Early Administration of Ivabradine in Children With Heart Failure

NCT04405804 | Unknown Phase 2 DMC

• 2 other identifiers: 1986 / 20192019-003902-29
• Study Type: interventional
• Target: 9
• Locations: 1 country
• Sites: 1

Brief Summary

This is a monocentric, prospective, single arm, not for profit study. It is designed to study the early use of ivabradine in patients with dilated cardiomyopathy and Ejection Fraction (EF) \< 45%.

Conditions

Acute Heart Failure; Dilated Cardiomyopathy

Keywords

Ivabradine; Heart Failure; Pediatric; Cardiomyopathy

Outcome Measures

Primary Outcomes (1)

• Heart rate in b.p.m. (mean (±SD) difference from baseline) at the end of maintenance

  To assess the response to ivabradine on heart rate after 14 days of stable therapy

  At the end of the two weeks maintenance period (17-29 days from enrollment)

Secondary Outcomes (14)

• Heart rate in b.p.m. (mean (±SD) difference from baseline) at the end of follow-up

  At the end of the 16 weeks follow-up period (129-141 days from enrollment)
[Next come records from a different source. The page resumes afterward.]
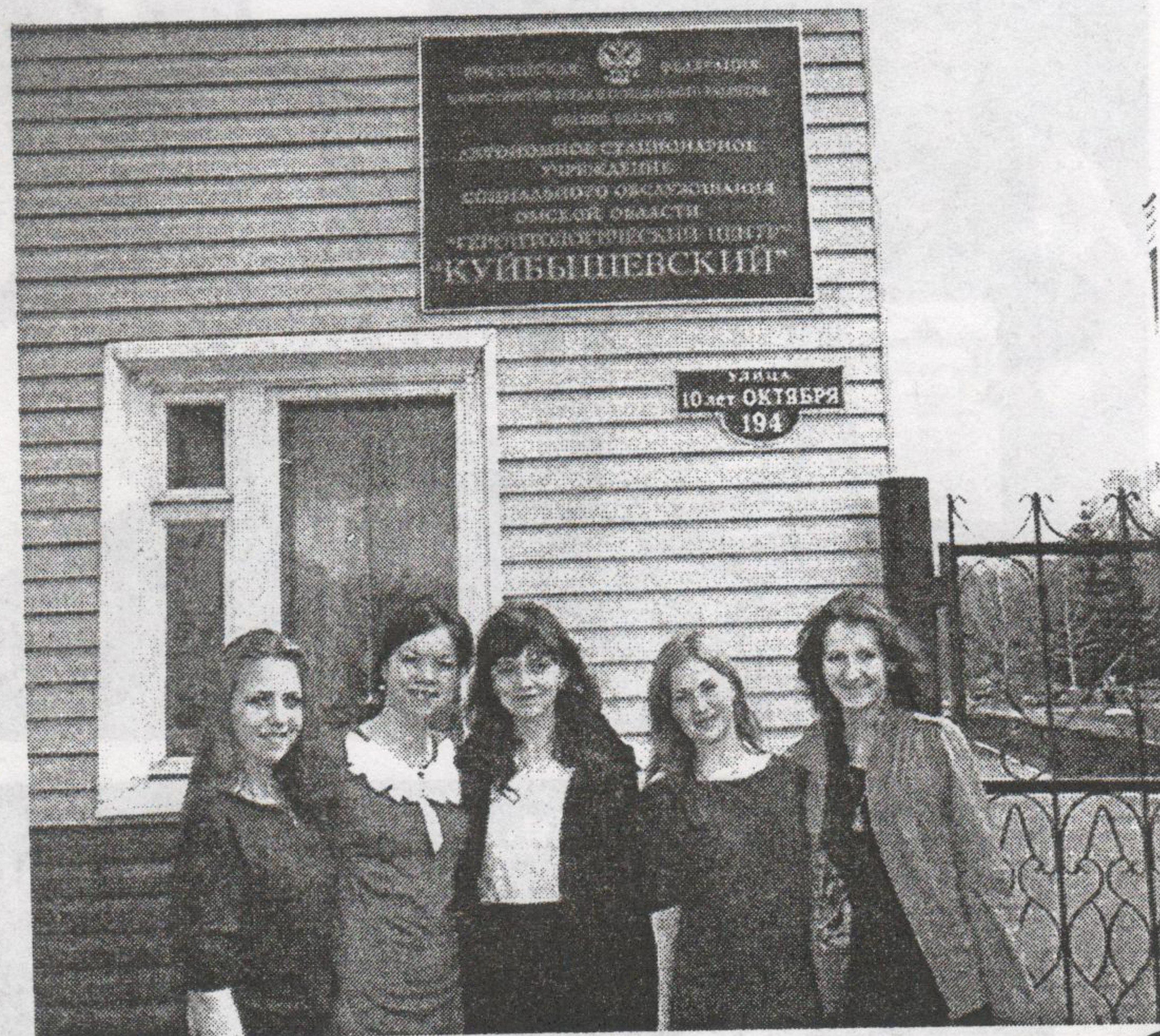
Волонтеры в геронтологическом центре «Куйбышевский»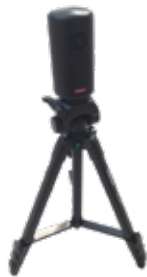
プロジェクター 5,000円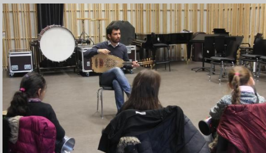
Lors de rencontres avec des groupes scolaires

« L'ouverture de la nouvelle classe a suscité l'intérêt d'une vingtaine d'élèves de 7 ans à l'âge adulte avec une volonté intense d'apprendre. Un tiers de vrais débutants, un autre d'élèves en cursus classique, et le dernier de personnes qui veulent entretenir une connaissance existante, culturelle ou familiale. Les instruments classiques côtoient les luths, les mandolines, la darbouka. Et surtout le chant et l'apprentissage de la langue arabe sont des clés de la transmission. Plus qu'une musique, c'est la culture algéro-andalouse (il préfère ce terme à arabo-andalouse) qu'il vient transmettre à Roubaix. » (La Voix du Nord 08/02/2014)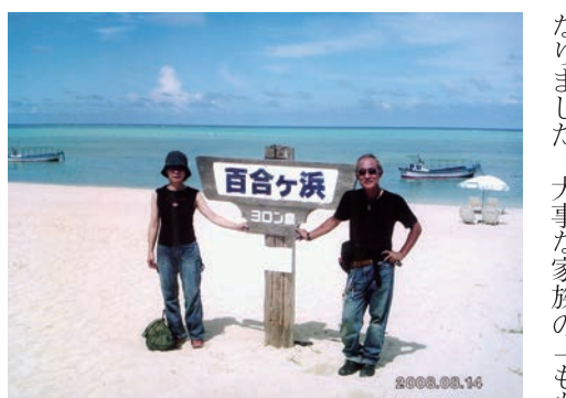
ヨロノ島 (平成20年8月)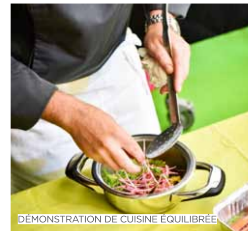
DÉMONSTRATION DE CUISINE ÉQUILIBRÉE

SEMAINE ESKILIBRE ET GOURMANDISE 14/18 JANV 2019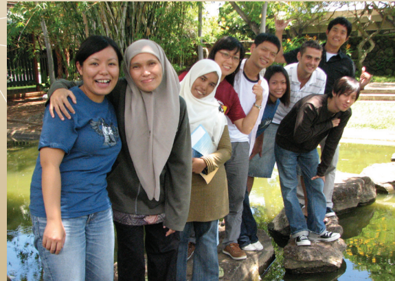
NICE Program, Outreach College, UH Mānoa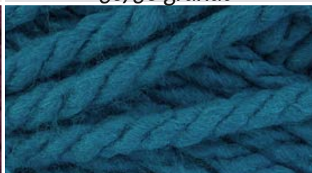
37340 błękit turkusowy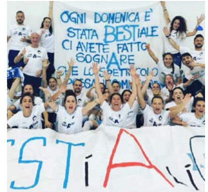
L'esultanza della Best, neopromossa in Serie A

una stagione indimenticabile. Ora ci aspetta la Final Eight, dove proveremo a dire la nostra, ma intanto ci godiamo questo meraviglioso successo".

• Serum NT-proBNP in pg/mL (mean (±SD) difference from baseline) at the end of maintenance

  At the end of the two weeks maintenance period (17-29 days from enrollment)

• Serum NT-proBNP in pg/mL (mean (±SD) difference from baseline) at the end of follow-up

  At the end of the 16 weeks follow-up period (129-141 days from enrollment)

• Correlation between heart rate and NT-proBNP value (Pearson correlation) at the end of maintenance

  At the end of the two weeks maintenance period (17-29 days from enrollment)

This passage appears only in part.